On any given month, Kayrros believes, the Permian DUC inventory runs just around 1,000 wells. In an October blog post, the group said it saw the Permian DUC backlog grow 5% to its highest level since March 2016, however, starting from a much lower base than the EIA numbers.

“The disparity between the two counts reflects a difference in methodologies: On [the] one hand, the old-fashioned way of compiling statistics from self-reporting by companies, and on the other hand, the cutting-edge approach based on direct measurements enabled by recent advances in technology, data storage and computing capacity,” the post read.

According to Kayrros, satellite-based measurements show that many light, tight oil producers fail to report their well completions to FracFocus and state commissions in a timely manner, if at all.

“This has led to significant undercounting of well completions in EIA data that are widely used and considered reliable by industry analysts,” the post continued. “In 2018 alone, in the Permian, more than 20% of wells went unreported to FracFocus or state commissions.”

Enverus, which also tracks rigs via satellite positioning, disputes the Kayrros numbers, saying that reporting lags—even at the operator level—are consistent with what they have seen historically in the data and that they were unable to verify any of the claims made in the Kayrros study.

Kayrros isn’t the only one that believes the EIA numbers are too high.
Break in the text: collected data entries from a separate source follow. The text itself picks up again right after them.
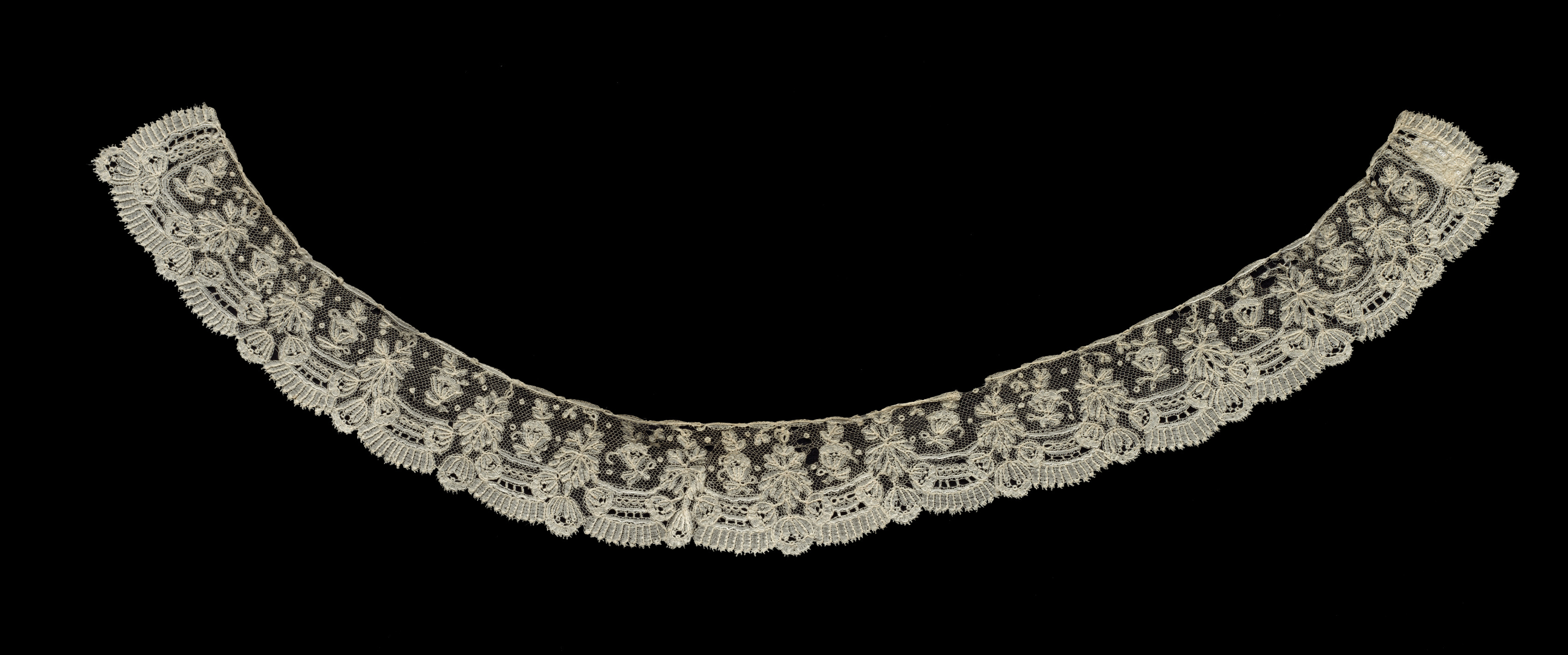 The "Bobbin Lace Collar" by an unknown artist is an off-white, intricately designed lace piece. The collar is curved, resembling the shape of a half-circle or a crescent, and features a dense floral pattern throughout. The lace has a scalloped edge with a fringe-like trim along the bottom. The background of the image is solid black. The lace appears to be made of a delicate, possibly linen or cotton, thread. The intricate design includes repeating floral motifs and leaf-like shapes. The overall appearance of the lace suggests it is a traditional or antique piece. The collar does not have any visible fastenings or attachments. The image presents the lace against a plain, dark background to highlight its details. The lace's color is off-white or cream, with no other colors visible. The design is symmetrical, with the same pattern repeating on either side of the center. The lace's texture appears to be delicate and possibly fragile. The scalloped edge is uniform along the bottom of the collar.
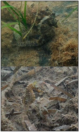 - Gristina, M.; Cardone, F.; Carlucci, R.; Castellano, L.; Passarelli, S.; Corriero, G. Abundance, distribution and habitat preference of Hippocampus guttulatus and Hippocampus hippocampus in a semi-enclosed central Mediterranean marine area. Mar. Ecol. 2015, 36, 57–66. [Google Scholar] [CrossRef]
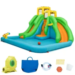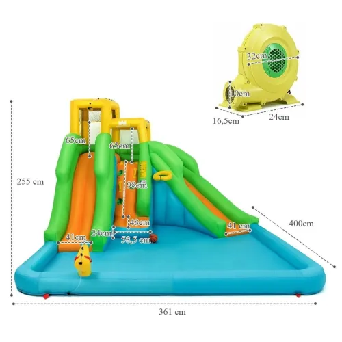 - Быстрое надувание и хранение: Оснащенный вентилятором мощностью 480 Вт, аквапарк надувается в считанные минуты. После игры его можно быстро сдуть с помощью выпускного клапана, затем сложить и хранить в сумке для переноски.
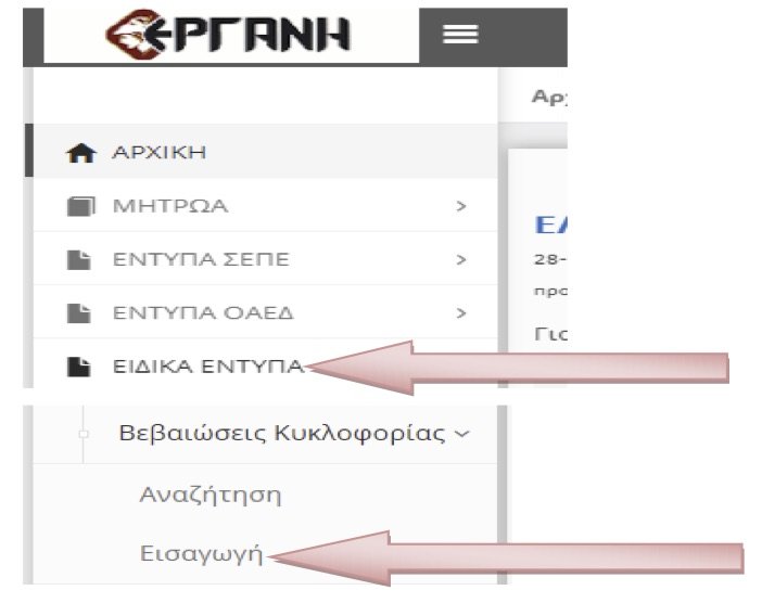 - Επιλογή: ΕΙΔΙΚΑ ΕΝΤΥΠΑ -> Βεβαιώσεις Κυκλοφορίας -> Εισαγωγή

A September 2019 survey polling 73 oil and gas executives, conducted by the Federal Reserve Bank in Dallas, found half of participants responding said that their estimate for the number of DUCs in the Permian Basin is lower than the EIA estimate, with 23% saying significantly lower and 27% saying slightly lower. Thirty-seven percent said their estimate is close to the EIA estimate, while the remaining 12% said it was higher.

DUCs as storage

Some view DUCs as a type of storage for the nation’s hydrocarbon resources that can simply be “turned on” via completions when supply is needed. It is one of the main reasons these uncompleted wells are counted in the first place: to gauge, at least partially, future production volume growth. While that historically has held some merit, it can depend on the region and, more so today, the operators’ development method.

DUC To Completion Ratios Source: U.S. Energy Information Administration
DUC to completion ratios increased in 2015 and peaked in 2016. Although the gas-region ratio returned to the 2014 level of 4:1, the oil-region ratio settled at a new level of 6:1.

“If you are in the Northeast, I think it is accurate to think about DUCs as storage,” said Enverus’ Johnson. “You are drilling them throughout the year and waiting on winter to complete them. That is a storage-like behavior.

“If you are anywhere else, I would say no. It is storage, but it is not acting the way that typical storage would, meaning you put it in the ground when it’s cheaper and pull it out when the price goes up. You can’t count on them to show up during periods of peak demand or price spikes.”

A recent report from energy analysts BTU Analytics has placed a new wrinkle on the DUCs-as-storage issue by calling into question not the quantity, but the quality of the current backlog. For example, the Permian Basin is estimated to have added around 1,100 DUCs over the past two years, a period when operators were experimenting with spacing. The activity nearly tripled the total count—from 600 at the end of 2016 to almost 1,800 by the end of 2018. Of those, more than 60% were added in 2018, a time when the average distance between wells was the tightest.

DUCs By Region Source: U.S. Energy Information Administration

“This has raised concerns that the large backlog of DUCs may be primarily composed of potentially underperforming wells,” the report said.

Whether the DUC backlog is affected by well spacing issues remains to be seen; however, as cost-conscious operators move to complete well vs. drilling new ones to keep resources flowing into the system, we might not have to wait very long.